**Task goal:** Every entry must be repeated exactly. Exclude all pictures.
-- Opening Marker --
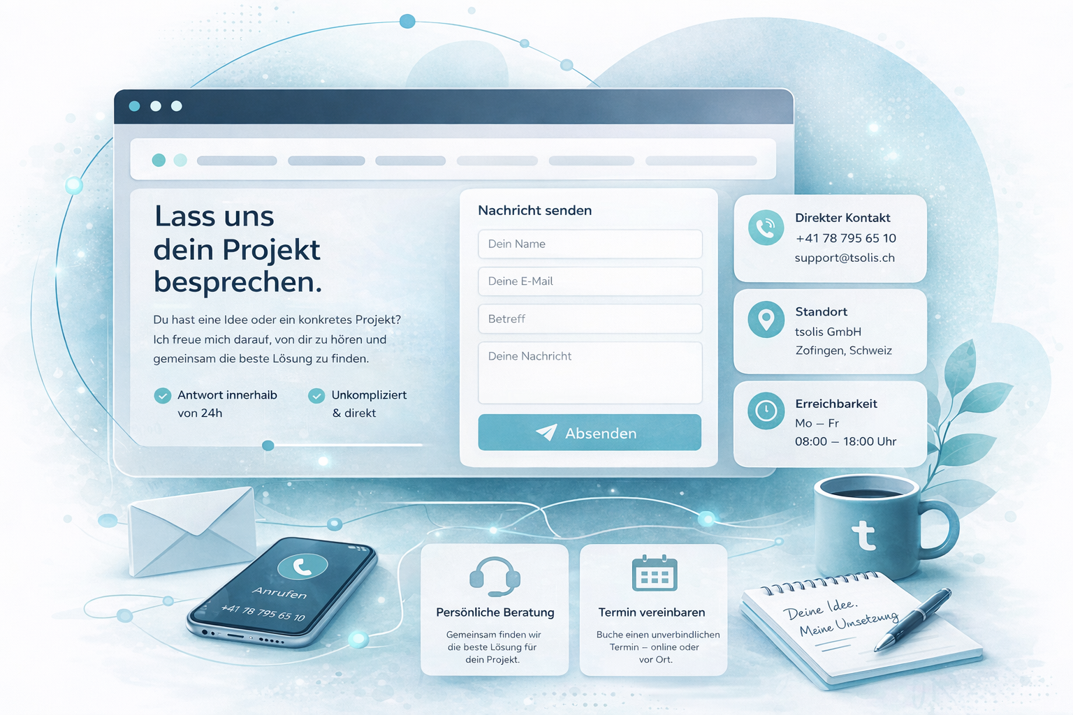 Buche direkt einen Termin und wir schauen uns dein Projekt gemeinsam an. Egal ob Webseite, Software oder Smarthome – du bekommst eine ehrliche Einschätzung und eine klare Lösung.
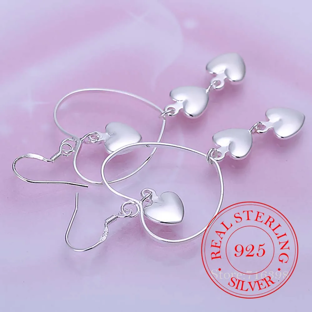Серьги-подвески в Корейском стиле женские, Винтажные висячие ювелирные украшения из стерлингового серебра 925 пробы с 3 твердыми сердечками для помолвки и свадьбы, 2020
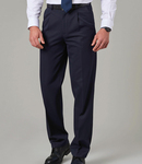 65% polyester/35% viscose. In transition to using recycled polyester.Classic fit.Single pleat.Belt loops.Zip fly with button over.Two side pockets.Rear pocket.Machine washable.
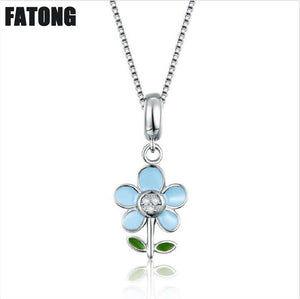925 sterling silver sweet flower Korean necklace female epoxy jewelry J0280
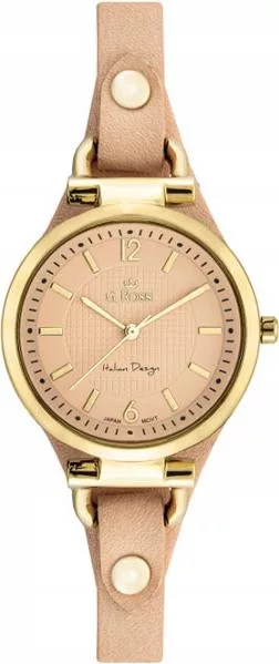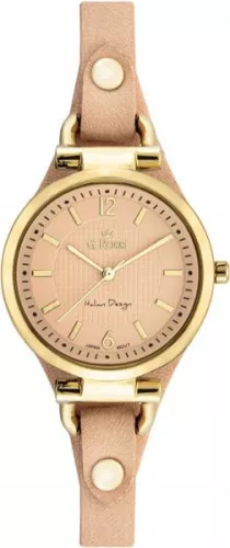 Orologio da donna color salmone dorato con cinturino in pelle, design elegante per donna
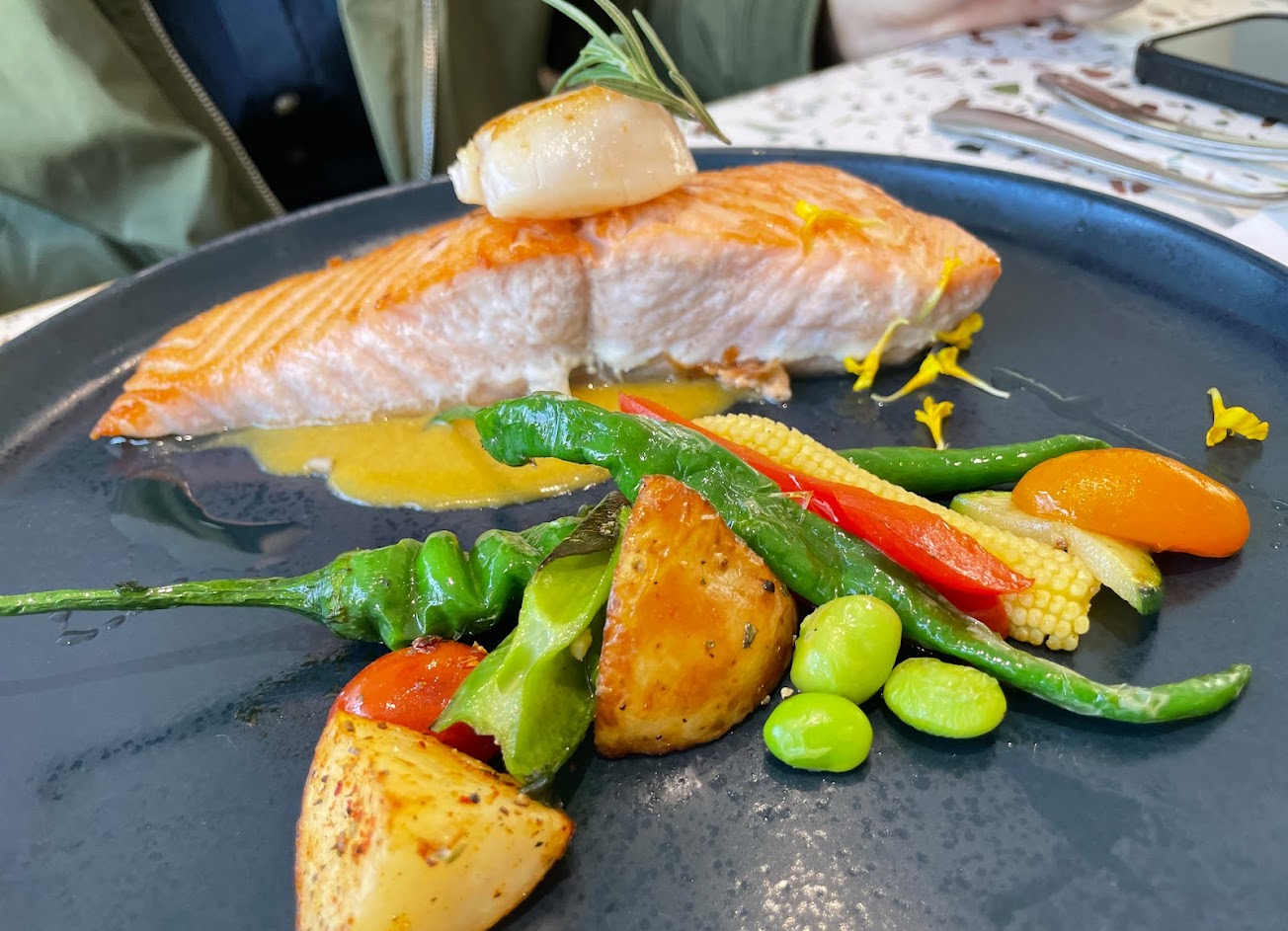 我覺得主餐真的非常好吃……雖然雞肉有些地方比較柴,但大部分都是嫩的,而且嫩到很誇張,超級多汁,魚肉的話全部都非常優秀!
-- Closing Marker --
**Result of this exercise:**
 Buche direkt einen Termin und wir schauen uns dein Projekt gemeinsam an. Egal ob Webseite, Software oder Smarthome – du bekommst eine ehrliche Einschätzung und eine klare Lösung.
Серьги-подвески в Корейском стиле женские, Винтажные висячие ювелирные украшения из стерлингового серебра 925 пробы с 3 твердыми сердечками для помолвки и свадьбы, 2020
 65% polyester/35% viscose. In transition to using recycled polyester.Classic fit.Single pleat.Belt loops.Zip fly with button over.Two side pockets.Rear pocket.Machine washable.
925 sterling silver sweet flower Korean necklace female epoxy jewelry J0280
 Orologio da donna color salmone dorato con cinturino in pelle, design elegante per donna
 我覺得主餐真的非常好吃……雖然雞肉有些地方比較柴,但大部分都是嫩的,而且嫩到很誇張,超級多汁,魚肉的話全部都非常優秀!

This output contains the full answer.